In the 1920s, Chang rose through the Bank of China's leadership in Shanghai. By 1923, the Bank of China was almost exclusively owned by private, Shanghai-based shareholders, and during the next decade, it became the largest bank, by far, in Republican China.

Under Chang's leadership, the Bank of China resisted the Kuomintang government's pressure to return to government control and to purchase government bonds which would contribute to ever-growing deficits. In 1928, T. V. Soong tried quite aggressively to assert control over the bank, but Chang and the directors resisted, so Soong created the Central Bank of China. Chang agreed to finance the new central bank's creation in exchange for a measure of independence and a charter to serve as the country's international exchange bank. Chang's interest was the development of the country, particularly railroad and other infrastructure development, even if such projects were not particularly profitable for the bank.

As longtime manager of the Bank of China, Chang attempted to prevent the bank from being politically controlled. Chang recommended that the Central Bank of China be made a reserve bank capable of independently regulating the money supply without political interference. In 1935, he was removed from office prior to the currency reform in which the fiat currency fabi replaced the silver standard and was replaced by T.V. Soong.
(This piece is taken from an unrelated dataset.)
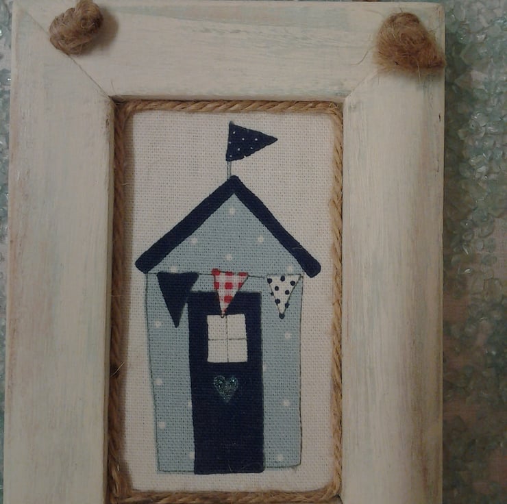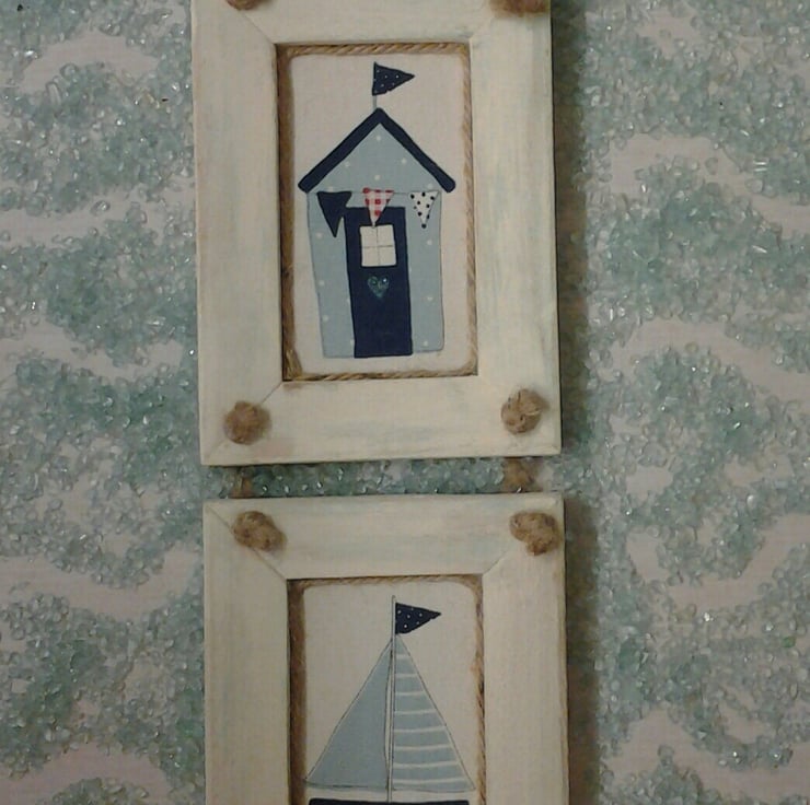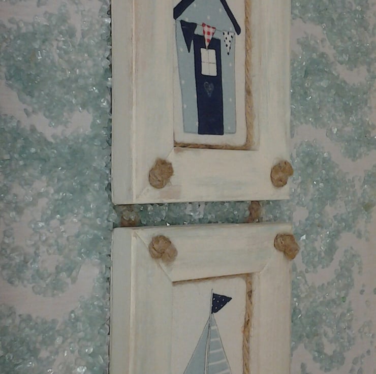 This delightful bathroom wall picture has been created using two small pine wood frames, painted white and blue then embellished with nautical themed buttons and string. The pictures themselves are from printed fabric that has been mounted onto card and embellished with diamantes and glitter to give a little sparkle.

From 1935, Chang served as Minister of Railroads and then Minister of Transportation.

During much of the Sino-Japanese War, Chang served as Minister of Communications, accompanying the central government from Nanjing to Chongqing. After mid-1943, he was in the U.S. frequently promoting aid to the Republic of China and at the negotiations of post-war arrangements, including aviation rights. He wrote a book on railroad development which was published in the U.S. at a time when interest in China was high. After the War, he was appointed Economic Commissioner for Manchuria, and his diaries from this period were also published in the U.S.

After his departure from China, Chang moved to the US and was a senior research fellow at the Hoover Institution at Stanford University. He died on October 13, 1979, in Palo Alto, California. His wife, Chang Pihya, died in Palo Alto on May 17, 1997.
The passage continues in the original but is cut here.